| Supplied data |
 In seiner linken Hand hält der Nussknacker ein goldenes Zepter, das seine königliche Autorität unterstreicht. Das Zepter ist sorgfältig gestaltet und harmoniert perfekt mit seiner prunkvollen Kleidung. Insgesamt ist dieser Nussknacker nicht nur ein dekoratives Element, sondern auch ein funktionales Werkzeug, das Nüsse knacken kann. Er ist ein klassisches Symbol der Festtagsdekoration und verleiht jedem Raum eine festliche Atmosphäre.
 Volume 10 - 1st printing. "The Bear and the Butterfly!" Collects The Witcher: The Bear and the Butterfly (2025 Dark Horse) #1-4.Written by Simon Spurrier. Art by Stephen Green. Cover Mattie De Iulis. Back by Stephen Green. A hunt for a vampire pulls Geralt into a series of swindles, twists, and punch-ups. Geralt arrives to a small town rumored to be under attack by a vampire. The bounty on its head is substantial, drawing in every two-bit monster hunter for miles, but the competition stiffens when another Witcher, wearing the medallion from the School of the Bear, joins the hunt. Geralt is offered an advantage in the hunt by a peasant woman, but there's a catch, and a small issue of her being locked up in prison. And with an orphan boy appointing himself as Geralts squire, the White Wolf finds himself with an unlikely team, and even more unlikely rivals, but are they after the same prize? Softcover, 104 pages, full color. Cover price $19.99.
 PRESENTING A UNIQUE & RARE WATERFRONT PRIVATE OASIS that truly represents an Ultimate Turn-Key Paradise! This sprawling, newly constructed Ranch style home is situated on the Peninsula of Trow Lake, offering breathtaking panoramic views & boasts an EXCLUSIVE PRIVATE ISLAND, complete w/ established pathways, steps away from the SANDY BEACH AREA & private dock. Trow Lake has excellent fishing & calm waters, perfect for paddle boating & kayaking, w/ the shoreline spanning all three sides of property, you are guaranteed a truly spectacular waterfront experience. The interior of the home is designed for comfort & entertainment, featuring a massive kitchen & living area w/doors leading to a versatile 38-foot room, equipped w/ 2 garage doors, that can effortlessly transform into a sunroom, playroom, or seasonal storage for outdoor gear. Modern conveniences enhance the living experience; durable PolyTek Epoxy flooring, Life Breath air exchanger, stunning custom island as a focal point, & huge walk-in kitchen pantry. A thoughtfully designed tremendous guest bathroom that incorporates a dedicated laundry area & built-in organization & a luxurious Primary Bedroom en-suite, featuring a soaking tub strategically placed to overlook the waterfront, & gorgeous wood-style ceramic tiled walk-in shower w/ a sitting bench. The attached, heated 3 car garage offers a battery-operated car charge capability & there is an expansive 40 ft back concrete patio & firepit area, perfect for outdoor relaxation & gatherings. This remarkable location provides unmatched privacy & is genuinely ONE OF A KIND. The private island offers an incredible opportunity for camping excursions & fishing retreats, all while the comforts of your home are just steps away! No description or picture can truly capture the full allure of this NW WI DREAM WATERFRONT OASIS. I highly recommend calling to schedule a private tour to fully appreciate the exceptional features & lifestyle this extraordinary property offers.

| Assignment |
Write out the full listing, keeping every line exactly as it is.

| Response to this task |
 In seiner linken Hand hält der Nussknacker ein goldenes Zepter, das seine königliche Autorität unterstreicht. Das Zepter ist sorgfältig gestaltet und harmoniert perfekt mit seiner prunkvollen Kleidung. Insgesamt ist dieser Nussknacker nicht nur ein dekoratives Element, sondern auch ein funktionales Werkzeug, das Nüsse knacken kann. Er ist ein klassisches Symbol der Festtagsdekoration und verleiht jedem Raum eine festliche Atmosphäre.
 Volume 10 - 1st printing. "The Bear and the Butterfly!" Collects The Witcher: The Bear and the Butterfly (2025 Dark Horse) #1-4.Written by Simon Spurrier. Art by Stephen Green. Cover Mattie De Iulis. Back by Stephen Green. A hunt for a vampire pulls Geralt into a series of swindles, twists, and punch-ups. Geralt arrives to a small town rumored to be under attack by a vampire. The bounty on its head is substantial, drawing in every two-bit monster hunter for miles, but the competition stiffens when another Witcher, wearing the medallion from the School of the Bear, joins the hunt. Geralt is offered an advantage in the hunt by a peasant woman, but there's a catch, and a small issue of her being locked up in prison. And with an orphan boy appointing himself as Geralts squire, the White Wolf finds himself with an unlikely team, and even more unlikely rivals, but are they after the same prize? Softcover, 104 pages, full color. Cover price $19.99.
 PRESENTING A UNIQUE & RARE WATERFRONT PRIVATE OASIS that truly represents an Ultimate Turn-Key Paradise! This sprawling, newly constructed Ranch style home is situated on the Peninsula of Trow Lake, offering breathtaking panoramic views & boasts an EXCLUSIVE PRIVATE ISLAND, complete w/ established pathways, steps away from the SANDY BEACH AREA & private dock. Trow Lake has excellent fishing & calm waters, perfect for paddle boating & kayaking, w/ the shoreline spanning all three sides of property, you are guaranteed a truly spectacular waterfront experience. The interior of the home is designed for comfort & entertainment, featuring a massive kitchen & living area w/doors leading to a versatile 38-foot room, equipped w/ 2 garage doors, that can effortlessly transform into a sunroom, playroom, or seasonal storage for outdoor gear. Modern conveniences enhance the living experience; durable PolyTek Epoxy flooring, Life Breath air exchanger, stunning custom island as a focal point, & huge walk-in kitchen pantry. A thoughtfully designed tremendous guest bathroom that incorporates a dedicated laundry area & built-in organization & a luxurious Primary Bedroom en-suite, featuring a soaking tub strategically placed to overlook the waterfront, & gorgeous wood-style ceramic tiled walk-in shower w/ a sitting bench. The attached, heated 3 car garage offers a battery-operated car charge capability & there is an expansive 40 ft back concrete patio & firepit area, perfect for outdoor relaxation & gatherings. This remarkable location provides unmatched privacy & is genuinely ONE OF A KIND. The private island offers an incredible opportunity for camping excursions & fishing retreats, all while the comforts of your home are just steps away! No description or picture can truly capture the full allure of this NW WI DREAM WATERFRONT OASIS. I highly recommend calling to schedule a private tour to fully appreciate the exceptional features & lifestyle this extraordinary property offers.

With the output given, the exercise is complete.